Work task:
Leave out the pictures, and reproduce exactly the lines from the line containing "学院招生就业处使用第二代居民" through the final line of the entries.
'''
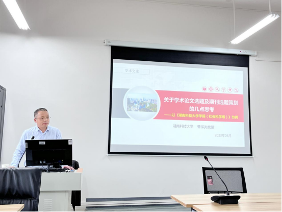4月10日下午,湖南科技大学期刊社副社长、《湖南科技大学学报(社会科学版)》主编、博士生导师曾祥炎教授,应william威廉英国官网科研部与william威廉英国官网邀请,在崇德楼418室作了题为《关于学术论文选题及期刊选题策划的几点思考》的学术报告。本次学术报告由周江平副经理主持,william威廉英国官网部分教师和全体研究生参加了此次学术活动。
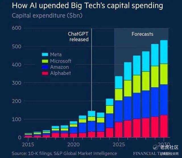数据是最直接的证明:过去一年,微软、谷歌、亚马逊、Meta这四大核心客户,总计投入了惊人的2670亿美元。而这仅仅是序幕,今年,他们的总资本支出预计将飙升至约3683亿美元,环比增幅高达38%。
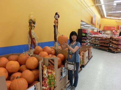 さて、まずは近くにあるウォルマートというスーパーへ。中に入ると、まずはハロウィーン用の巨大なカボチャがありました。店内はいかにもアメリカという感じで広くて品ぞろえが豊富。なにより一つ一つが大きいのだ。肉とか果物とか見ているだけでも楽しいが、冷凍食品やアイス、お菓子類などのサイズはやっぱりアメリカン。でもせっかくなのでいろいろ買いましょうか。タコスの材料やジャム、クッキーなどを選ぶ。日本製でアメリカ向けのわさびマヨはお土産になるかな。うーん、こういう場所はいくら時間があっても足りないが、次の予定もあるのでここはこのくらいにしましょうか。
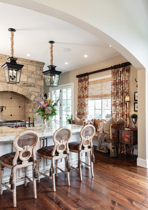 “Our house sits on five and a half acres, so it always feels like you are in the country,” says the homeowner. “We are surrounded by horse people, and there are many bridle trails that our neighbors keep trimmed back for the enjoyment of all of us. It’s not at all uncommon to look out a window and see people on horseback with three or four dogs or a neighbor driving a team of mules,” she laughs. “Ultimately, we wanted to have a home where we could enjoy the outdoor space as much as our interior spaces. My husband and I both love French Country style but we don’t adhere to any specific design rules—if we love it, we make it work in the design,” she notes.
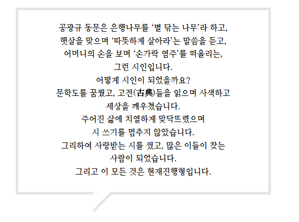 공광규 동문은 은행나무를 ‘별 닦는 나무’라 하고, 햇살을 맞으며 ‘따뜻하게 살아라’는 말씀을 듣고, 어머니의 손을 보며 ‘손가락 염주’를 떠올리는, 그런 시인입니다.
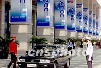十四日下午,上海國際會議中心開始實施戒嚴管制,只有與APEC會議有關人員方可出入。從十五日開始,這里將舉行亞太經合組織高官會等一系列APEC重要會議。中新社記者 毛建軍 攝
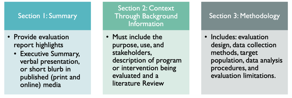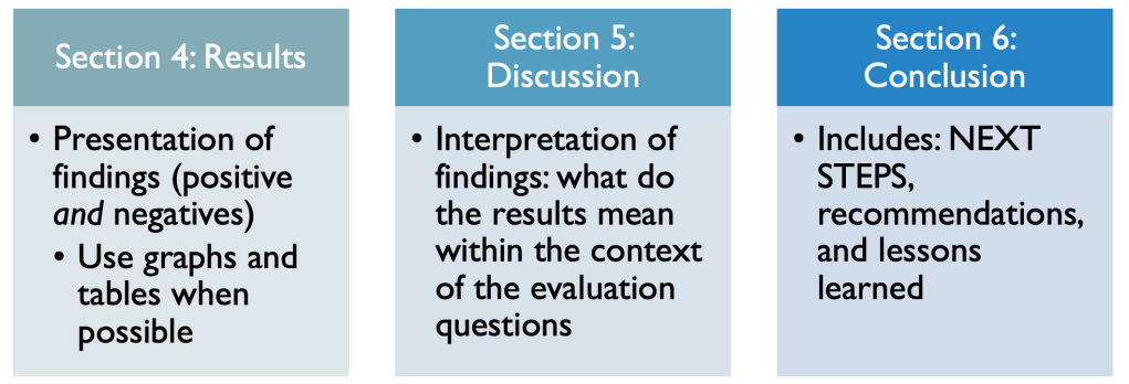 Regardless of the format, the evaluation report should include the following elements: summary, context, methodology, results, discussion and conclusion.
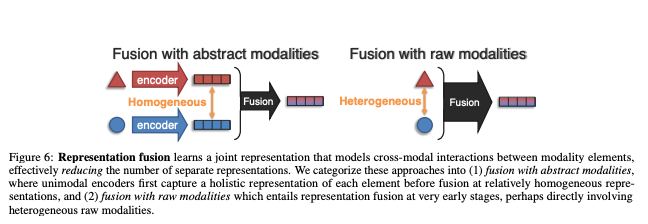 Fusion 내에서도 또 두 갈래로 나눠지는데 1) fusion with abstract modalities , 2) fusion with raw modalities이 바로 그것이다.
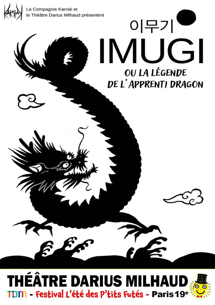 La Compagnie Karrak présente ici un conte original pour théâtre d'ombres inspiré du folklore coréen qui ravira les petits et les grands ! Au fin fond de l'océan, le Grand Roi Dragon s'est endormi. Ses ronflements étaient si forts, qu'ils ont fait éclore un oeuf bien particulier : celui d'Imugi, un jeune apprenti dragon qui n'a qu'une ambition, celle de devenir un vrai dragon !
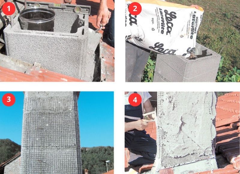 2 – Riempiamo l’intercapedine tra i blocchetti e i tubi della canna fumaria con argilla espansa Leca per assicurare un buon isolamento. Proteggiamo l’imboccatura della canna tappandola accuratamente.
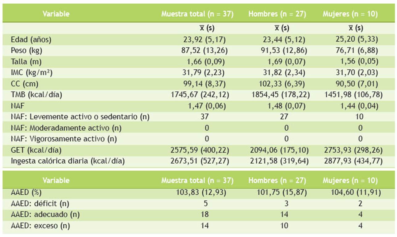 n: número de personas, x̄ : media, s: desviación estándar, IMC: índice de masa corporal, CC: circunferencia de la cintura, TMB: tasa metabólica basal, NAF: nivel de actividad física, GET: gasto energético total, AAED: adecuación del aporte energético diario
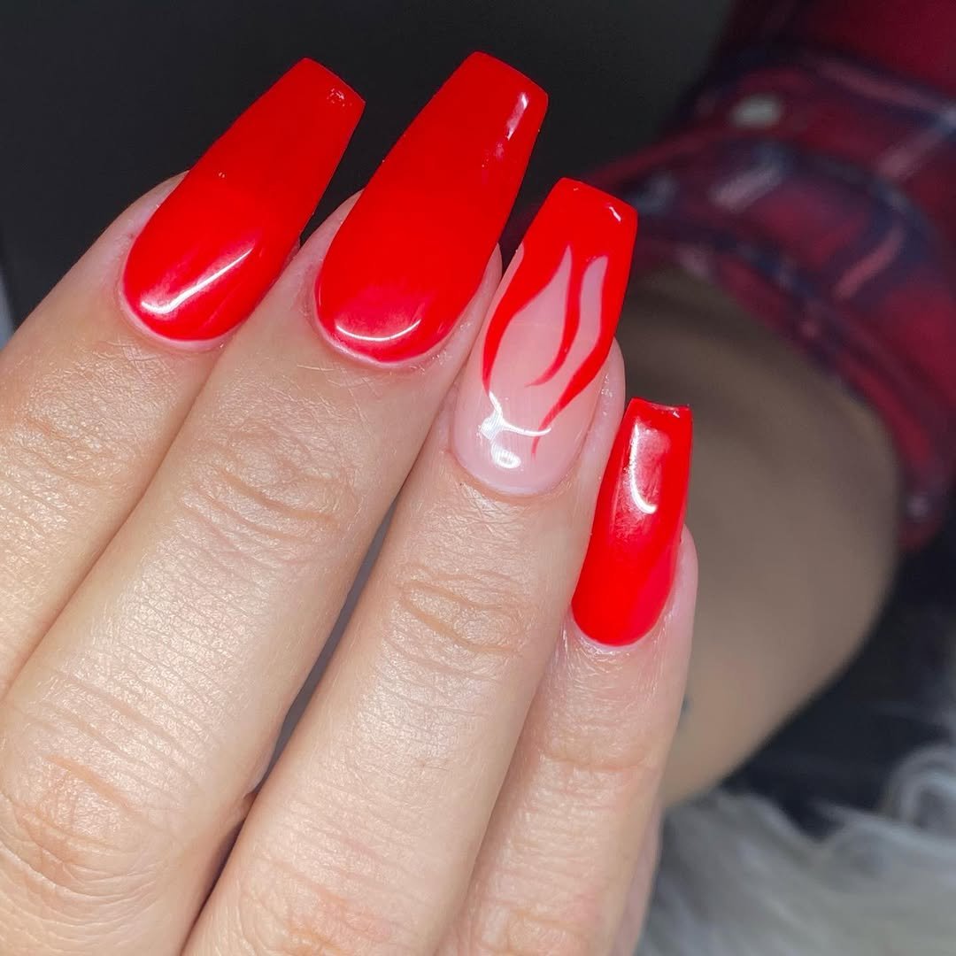Hot and fierce, this manicure features bright red flames over a nude base. It’s trendy, edgy, and eye-catching.
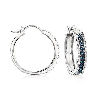 Ross-Simons 0.50 ct. t.w. White and Blue Diamond Hoop Earrings in Sterling Silver
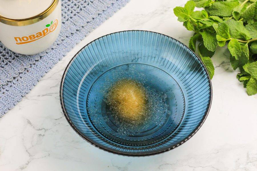 Замочите желатин в горячей воде и оставьте на 5 минут. Затем перемешайте, поднимая его со дна емкости.
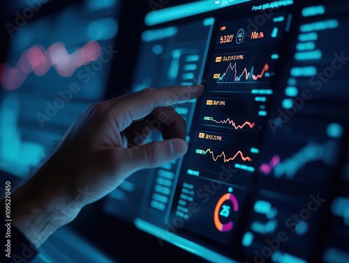 Investor analyzing sector performance within an equity fund on a digital dashboard, growth potential, diversified planning
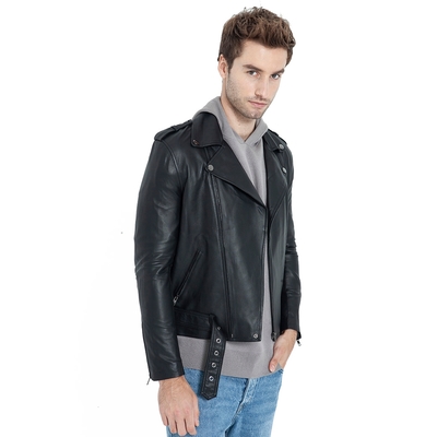 INTIMATUS 顯瘦高質感翻領軍扣真皮外套(經典黑) IW2109$8,980
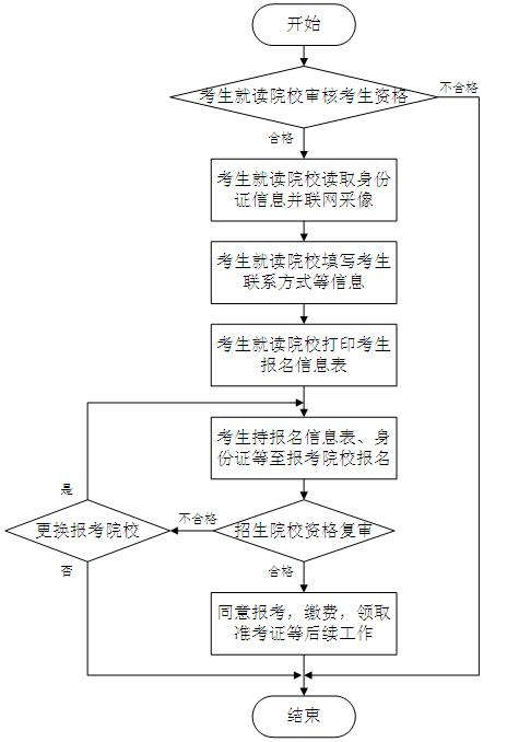 学院招生就业处使用第二代居民身份证阅读器联网读取考生第二代居民身份证信息,同时使用摄像头联网采像。考生报名基本信息录入完成后,报名系统即时生成考生号。通过报名系统打印的考生报名信息表,填写报考院校、专业等信息后到招生院校现场报名。招生院校负责资格复审,复审通过的考生方可领取准考证。各校现场报名确认时间应在招生章程中明确。
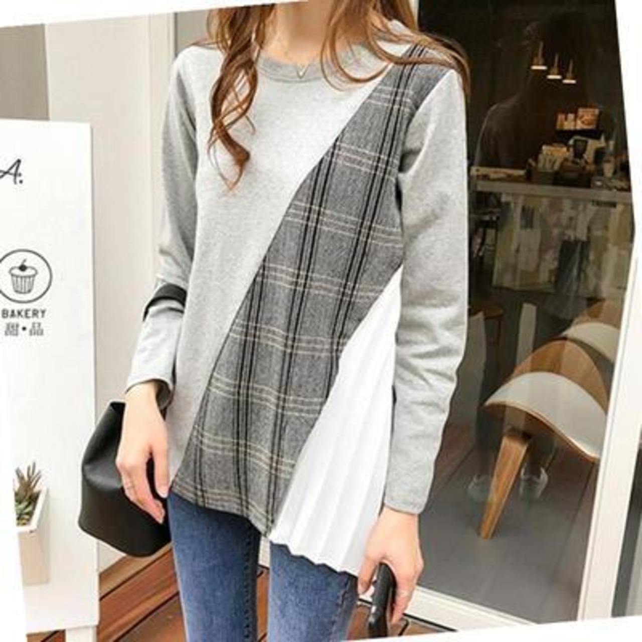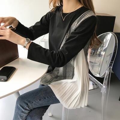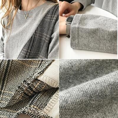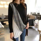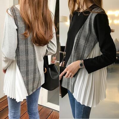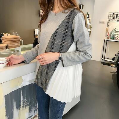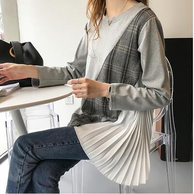 全2色 トップス レディース 袖あり カットソー カジュアル おしゃれ 春 春夏 春秋 可愛い 長袖 サイドプリーツ クルーネック チュニック チェック お出かけ ゆったり 体型カバー 大きいサイズ グレー ブラック 黒 20代 30代 40代 50代
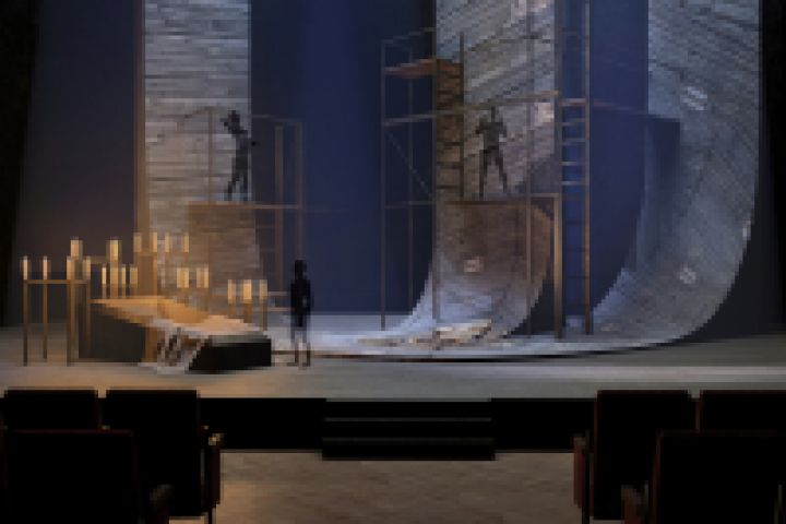 Проект состоит из трех трансформирующихся сцен. Действие данной сцены происходит в церкви. Представляет собой перевернутые церковные своды. Стропила и леса предназначены для актеров, которые будут перемещаться по ним.
'''
Result of the task:
 学院招生就业处使用第二代居民身份证阅读器联网读取考生第二代居民身份证信息,同时使用摄像头联网采像。考生报名基本信息录入完成后,报名系统即时生成考生号。通过报名系统打印的考生报名信息表,填写报考院校、专业等信息后到招生院校现场报名。招生院校负责资格复审,复审通过的考生方可领取准考证。各校现场报名确认时间应在招生章程中明确。
 全2色 トップス レディース 袖あり カットソー カジュアル おしゃれ 春 春夏 春秋 可愛い 長袖 サイドプリーツ クルーネック チュニック チェック お出かけ ゆったり 体型カバー 大きいサイズ グレー ブラック 黒 20代 30代 40代 50代
 Проект состоит из трех трансформирующихся сцен. Действие данной сцены происходит в церкви. Представляет собой перевернутые церковные своды. Стропила и леса предназначены для актеров, которые будут перемещаться по ним.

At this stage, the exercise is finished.